Community Newspapers Seek Humor In Police Logs


Community newspapers increasingly are looking for creative ways to present items in police logs, says Editor & Publisher. The magazine credits Kevin Hoover, editor of the Arcata Eye in Northern California’s Humboldt County, who is compiling a collection of his items for a book.

Under Hoover, a mundane noise complaint is turned into a limerick worthy of Dr. Seuss: “3:55 p.m.: A bongo’s percussory drone, Like Lucifer’s own metronome, Raged on for an hour, Extending its power, Across Patchouli Plazadome.” Another sample: “1:12 a.m.: Officials at an all-night… diner had some trouble persuading a topless man to put on a shirt, so the other customers could masticate their hash browns in peace without his brazen nipples obtruding on the scene.”

Editor & Publisher says other local papers have taken a tongue-in-cheek approach. Reported the weekly Stranger in Seattle: “Officer B. Hope reports that today he was told by a complainant that an unknown woman had driven all the way up from Arizona to reclaim her husband (whom we shall call ‘Burt’). The woman believes that she is on ‘a mission of God’ and that she is [Burt’s] true wife. The unknown Arizona woman contends that the complainant stole Burt from her, but now she wants her man back…”

From the Argus-Courier in Petaluma, Calif.: “7:45 a.m.: Maybe in the rush to get to work on time, this free spirit simply forgot his/her pants. Or perhaps s/he wished to experience an all-over breeze. Whatever the reason, police busted the soul for indecent exposure.”

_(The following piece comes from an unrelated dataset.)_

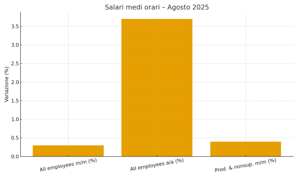 3. Salari (AHE). Agosto ha mostrato +0,3% m/m, +3,7% a/a: leggere ≤0,3% m/m e ~3½–3¾% a/a come coerenza con pressioni inflattive in raffreddamento. Bureau of Labor Statistics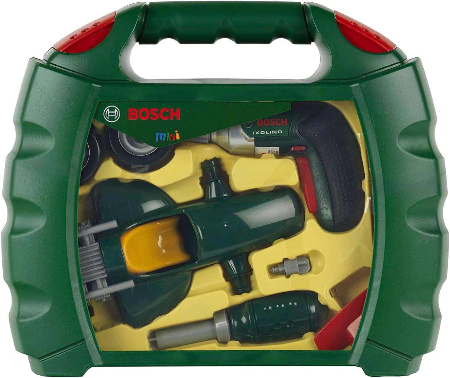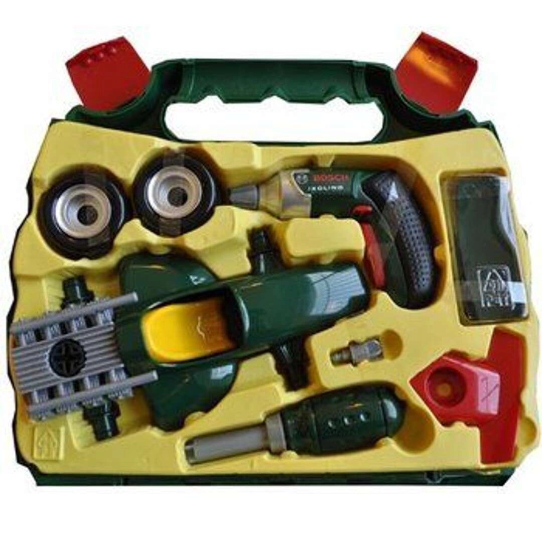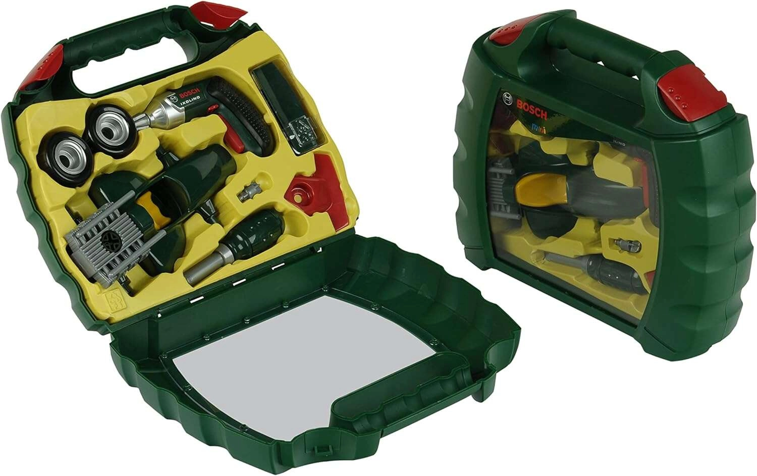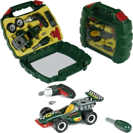 Este set realista con licencia BOSCH mini incluye el atornillador infantil a batería Ixolino con punta giratoria y efecto de sonido, un destornillador, tornillos y todas las piezas necesarias para construir el coche de carreras verde oscuro. Todo está organizado en un resistente maletín de plástico con tapa transparente y asa cómoda, para llevar el juguete a cualquier parte.

Some editors are wary. Leah Pietrusiak, editor of citylink on Chicago’s Near West Side, says, “You can be humorous in a small town … but you have to be really careful to not downplay the seriousness. If [readers] don’t take what they are reading seriously and don’t take it as a warning to be careful … they won’t apply it to their own situation. Ultimately, you’re there to make people aware of crime.”

Says Northern California’s Hoover: “We never make light of anything that’s really bad. Obviously if there’s a serious robbery or accident, we’re not gonna make light of it.” He added that, “If you see some of these incidents going down, they’re soaked in humor. To approach them in a serious way is to arbitrarily cut out part of what happened.”